▶ _PROBLEM TO SOLVE_
In the data below, find the line containing "La Clessidra Missionaria" and the line containing "和歌山市街の目抜き通り沿いに", then reproduce them and every line between, exactly. Omit pictures.

▶ _DATA UNDER STUDY_
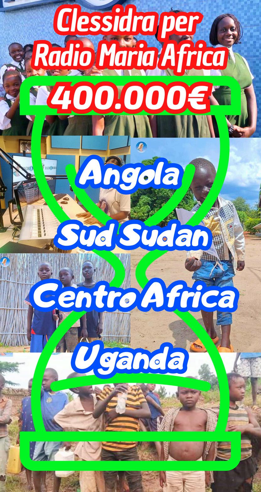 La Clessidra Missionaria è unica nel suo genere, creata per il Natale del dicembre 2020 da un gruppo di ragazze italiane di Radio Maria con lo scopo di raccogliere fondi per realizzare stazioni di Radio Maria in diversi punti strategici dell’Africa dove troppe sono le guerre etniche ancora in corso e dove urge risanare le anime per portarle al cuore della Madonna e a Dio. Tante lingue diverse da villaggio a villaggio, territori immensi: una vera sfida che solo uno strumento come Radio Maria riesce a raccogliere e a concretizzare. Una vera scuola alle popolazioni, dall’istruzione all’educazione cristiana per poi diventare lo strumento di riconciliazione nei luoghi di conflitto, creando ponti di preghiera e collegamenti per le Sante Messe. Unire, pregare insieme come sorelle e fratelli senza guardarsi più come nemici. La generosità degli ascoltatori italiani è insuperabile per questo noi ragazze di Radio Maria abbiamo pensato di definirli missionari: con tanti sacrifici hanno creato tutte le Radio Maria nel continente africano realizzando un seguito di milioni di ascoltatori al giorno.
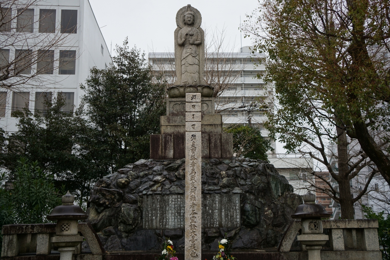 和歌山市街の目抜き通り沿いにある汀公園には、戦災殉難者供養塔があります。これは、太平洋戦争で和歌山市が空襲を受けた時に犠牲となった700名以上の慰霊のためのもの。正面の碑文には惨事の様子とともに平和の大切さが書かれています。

--

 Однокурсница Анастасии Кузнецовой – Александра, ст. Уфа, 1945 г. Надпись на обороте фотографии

* * *

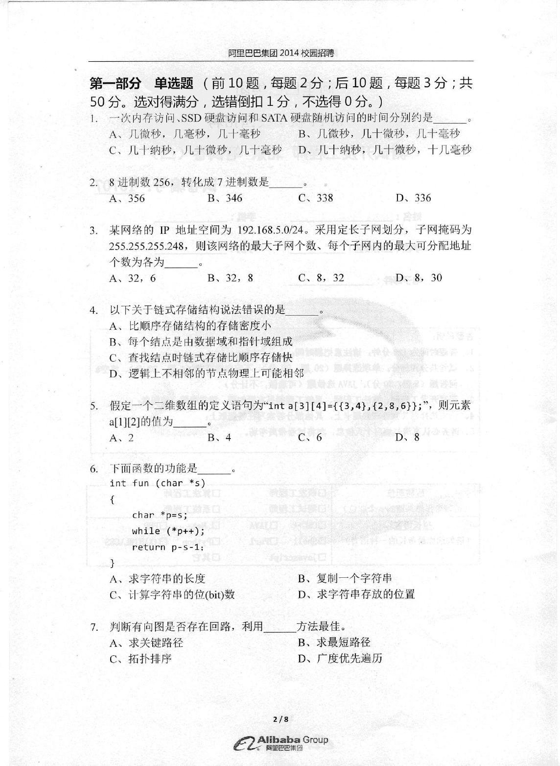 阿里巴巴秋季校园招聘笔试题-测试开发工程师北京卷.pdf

▶ _SOLUTION FOR THIS PROBLEM_
 La Clessidra Missionaria è unica nel suo genere, creata per il Natale del dicembre 2020 da un gruppo di ragazze italiane di Radio Maria con lo scopo di raccogliere fondi per realizzare stazioni di Radio Maria in diversi punti strategici dell’Africa dove troppe sono le guerre etniche ancora in corso e dove urge risanare le anime per portarle al cuore della Madonna e a Dio. Tante lingue diverse da villaggio a villaggio, territori immensi: una vera sfida che solo uno strumento come Radio Maria riesce a raccogliere e a concretizzare. Una vera scuola alle popolazioni, dall’istruzione all’educazione cristiana per poi diventare lo strumento di riconciliazione nei luoghi di conflitto, creando ponti di preghiera e collegamenti per le Sante Messe. Unire, pregare insieme come sorelle e fratelli senza guardarsi più come nemici. La generosità degli ascoltatori italiani è insuperabile per questo noi ragazze di Radio Maria abbiamo pensato di definirli missionari: con tanti sacrifici hanno creato tutte le Radio Maria nel continente africano realizzando un seguito di milioni di ascoltatori al giorno.
 和歌山市街の目抜き通り沿いにある汀公園には、戦災殉難者供養塔があります。これは、太平洋戦争で和歌山市が空襲を受けた時に犠牲となった700名以上の慰霊のためのもの。正面の碑文には惨事の様子とともに平和の大切さが書かれています。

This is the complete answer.